[Work required]: Every line in the records below between the one holding "Saturday, May 27" and the one holding "シフォン素材の軽やかさとドット柄のヴィンテージ感でこなれたおしゃれに。", inclusive, is to be set down exactly; all other lines are to be left out.

[Material for this task]:
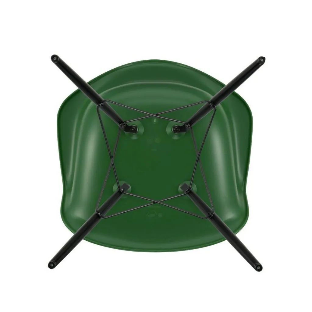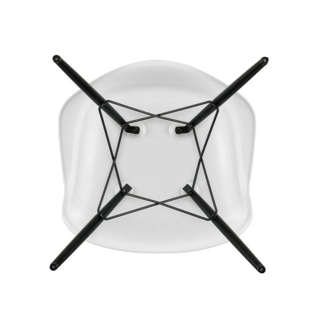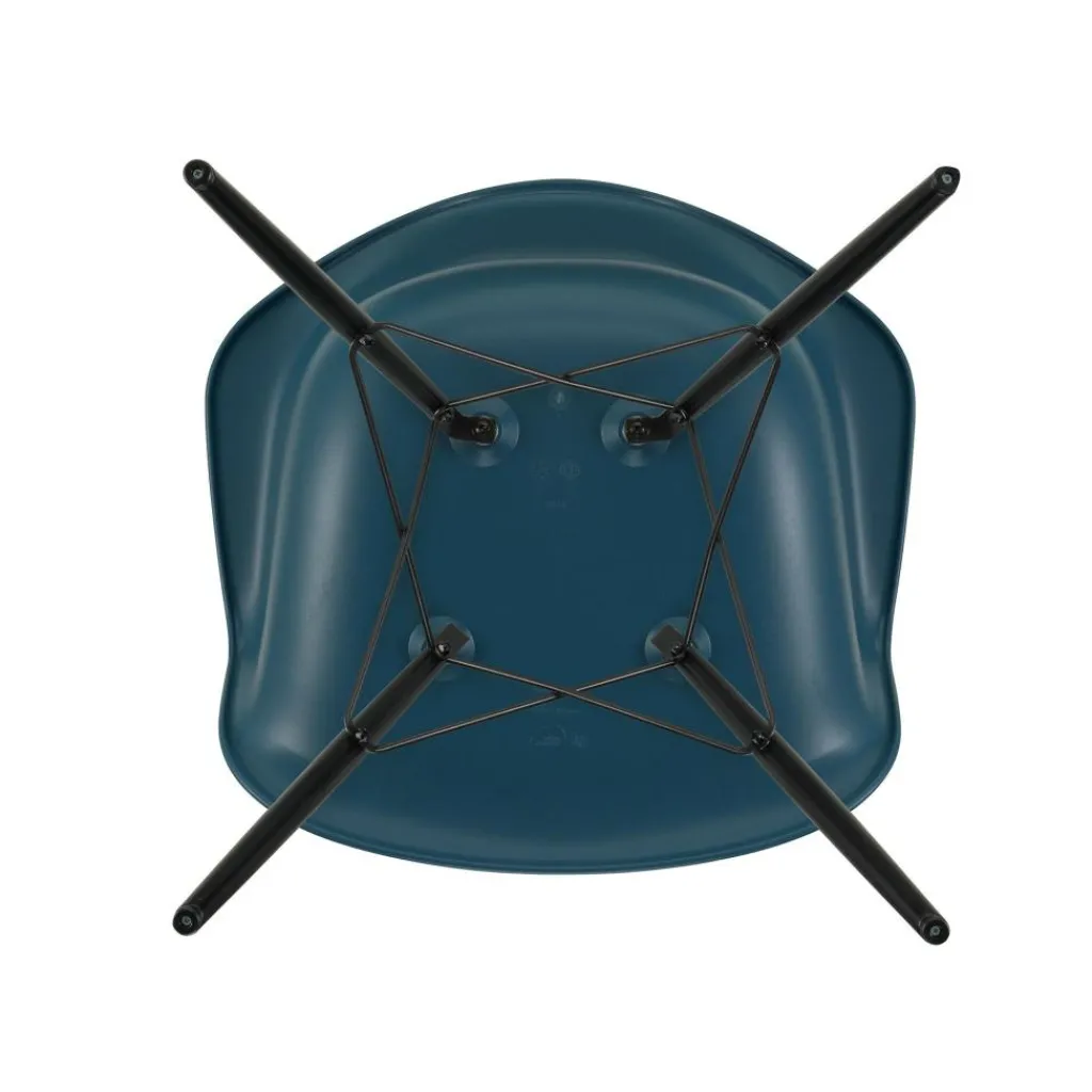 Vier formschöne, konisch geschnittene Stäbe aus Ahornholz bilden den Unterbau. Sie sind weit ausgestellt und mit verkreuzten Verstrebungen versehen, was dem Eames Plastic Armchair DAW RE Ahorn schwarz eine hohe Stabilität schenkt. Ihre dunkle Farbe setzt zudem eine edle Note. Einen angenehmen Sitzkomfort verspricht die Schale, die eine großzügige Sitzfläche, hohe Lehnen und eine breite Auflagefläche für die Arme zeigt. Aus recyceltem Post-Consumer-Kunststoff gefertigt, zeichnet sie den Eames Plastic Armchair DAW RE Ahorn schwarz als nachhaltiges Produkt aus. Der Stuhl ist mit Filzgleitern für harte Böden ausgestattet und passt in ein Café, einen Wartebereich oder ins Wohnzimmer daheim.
...
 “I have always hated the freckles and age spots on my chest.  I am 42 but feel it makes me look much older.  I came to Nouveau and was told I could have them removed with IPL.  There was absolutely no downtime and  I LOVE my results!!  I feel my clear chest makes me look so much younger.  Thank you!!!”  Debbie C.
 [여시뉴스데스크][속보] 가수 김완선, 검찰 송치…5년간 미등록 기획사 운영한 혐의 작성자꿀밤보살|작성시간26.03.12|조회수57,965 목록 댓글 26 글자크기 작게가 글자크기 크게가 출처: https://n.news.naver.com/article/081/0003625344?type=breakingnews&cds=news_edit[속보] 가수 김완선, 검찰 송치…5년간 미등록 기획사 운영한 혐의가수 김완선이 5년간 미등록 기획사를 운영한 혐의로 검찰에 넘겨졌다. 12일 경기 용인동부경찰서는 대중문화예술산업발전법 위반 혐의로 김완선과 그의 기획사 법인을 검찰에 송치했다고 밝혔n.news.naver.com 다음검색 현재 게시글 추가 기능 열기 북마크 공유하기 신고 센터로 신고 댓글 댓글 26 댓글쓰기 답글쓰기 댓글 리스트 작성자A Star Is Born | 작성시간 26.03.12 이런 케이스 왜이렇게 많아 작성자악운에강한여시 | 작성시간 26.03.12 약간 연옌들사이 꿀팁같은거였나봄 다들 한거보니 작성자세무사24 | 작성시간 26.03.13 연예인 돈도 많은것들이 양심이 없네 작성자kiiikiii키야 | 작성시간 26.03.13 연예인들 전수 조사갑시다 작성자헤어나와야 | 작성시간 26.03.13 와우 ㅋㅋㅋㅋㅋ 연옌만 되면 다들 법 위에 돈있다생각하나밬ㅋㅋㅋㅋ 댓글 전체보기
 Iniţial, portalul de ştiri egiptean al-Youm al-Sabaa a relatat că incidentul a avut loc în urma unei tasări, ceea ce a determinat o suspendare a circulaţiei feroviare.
==
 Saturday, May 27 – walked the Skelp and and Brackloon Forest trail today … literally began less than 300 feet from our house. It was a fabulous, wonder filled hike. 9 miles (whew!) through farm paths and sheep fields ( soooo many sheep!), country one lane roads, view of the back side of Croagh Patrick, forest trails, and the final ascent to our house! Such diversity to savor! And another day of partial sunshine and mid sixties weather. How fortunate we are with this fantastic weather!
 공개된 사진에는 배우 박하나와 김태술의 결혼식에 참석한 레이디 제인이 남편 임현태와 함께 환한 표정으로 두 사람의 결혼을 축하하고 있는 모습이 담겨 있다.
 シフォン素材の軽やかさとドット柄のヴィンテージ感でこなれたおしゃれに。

[The answer]:
 Saturday, May 27 – walked the Skelp and and Brackloon Forest trail today … literally began less than 300 feet from our house. It was a fabulous, wonder filled hike. 9 miles (whew!) through farm paths and sheep fields ( soooo many sheep!), country one lane roads, view of the back side of Croagh Patrick, forest trails, and the final ascent to our house! Such diversity to savor! And another day of partial sunshine and mid sixties weather. How fortunate we are with this fantastic weather!
 공개된 사진에는 배우 박하나와 김태술의 결혼식에 참석한 레이디 제인이 남편 임현태와 함께 환한 표정으로 두 사람의 결혼을 축하하고 있는 모습이 담겨 있다.
 シフォン素材の軽やかさとドット柄のヴィンテージ感でこなれたおしゃれに。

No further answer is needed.